> [INFORMATION SHOWN]
= = =

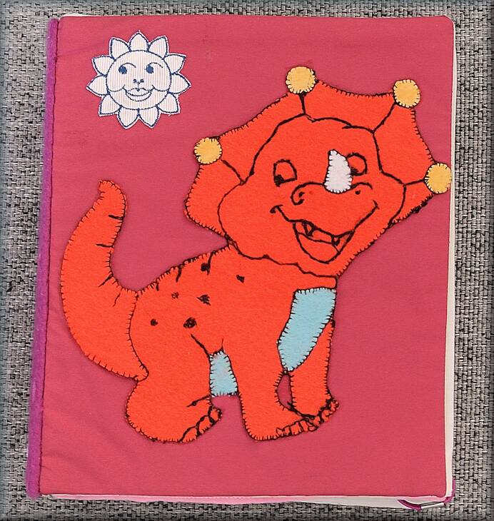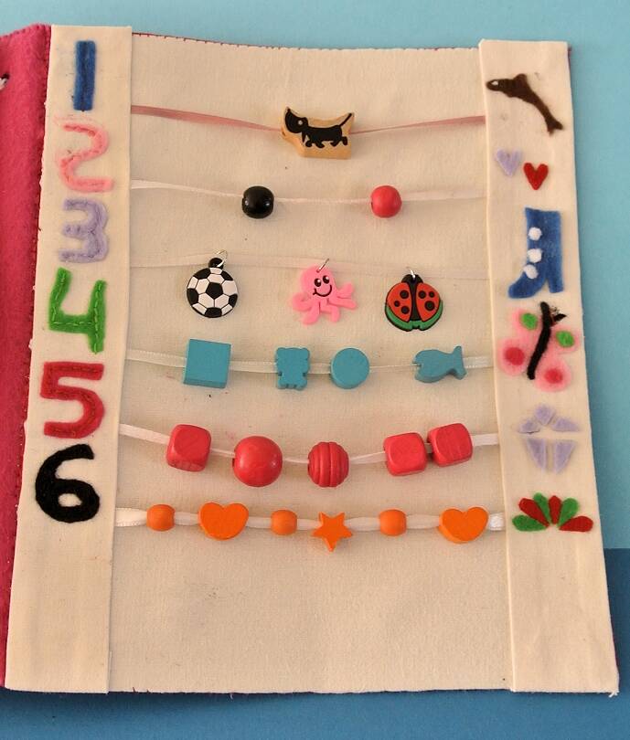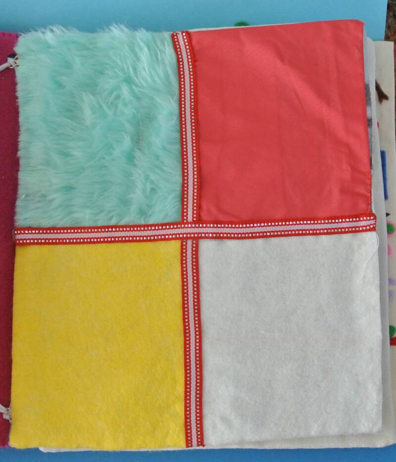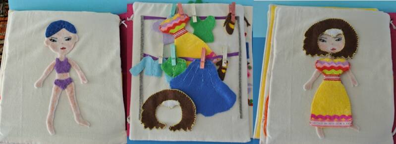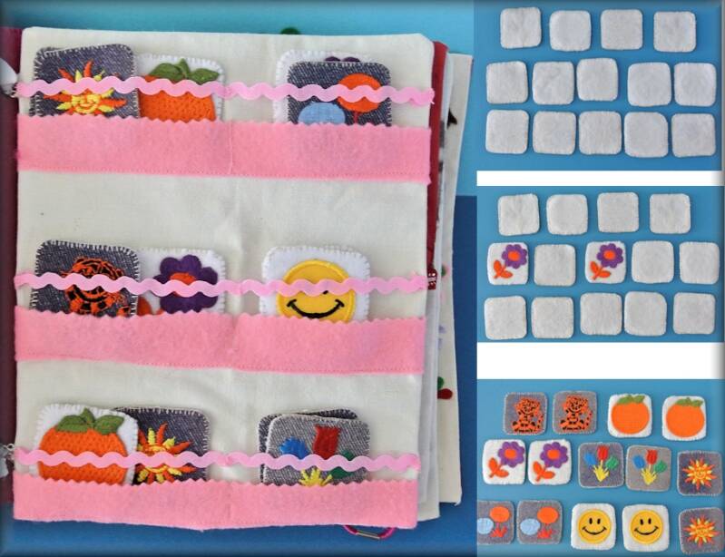 Als we de pagina omslaan zien we figuren die bij elkaar passen. Vilt plakt normaal gesproken op elkaar , maar om wat extra vastheid te krijgen heb ik een stukje klittenband op de figuren van het boek geplakt.
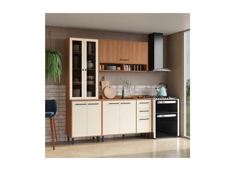 Cozinha Modulada Havana 3 Peças com Tampo e Cristaleira 08 Portas e 2 Gavetas Rovere/Champanhe
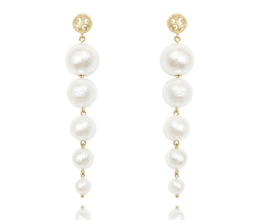 1667 kolczyki ślubne pozłacane perły jedwabne
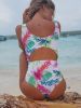spring and summer sexy wrapped chest tied knot hollow printed one-piece swimwear

= = =

> [ABOUT THIS EXERCISE]
When you repeat the listing, keep it exact and leave the pictures behind.

> [RESPONSE AREA]
 Als we de pagina omslaan zien we figuren die bij elkaar passen. Vilt plakt normaal gesproken op elkaar , maar om wat extra vastheid te krijgen heb ik een stukje klittenband op de figuren van het boek geplakt.
 Cozinha Modulada Havana 3 Peças com Tampo e Cristaleira 08 Portas e 2 Gavetas Rovere/Champanhe
 1667 kolczyki ślubne pozłacane perły jedwabne
spring and summer sexy wrapped chest tied knot hollow printed one-piece swimwear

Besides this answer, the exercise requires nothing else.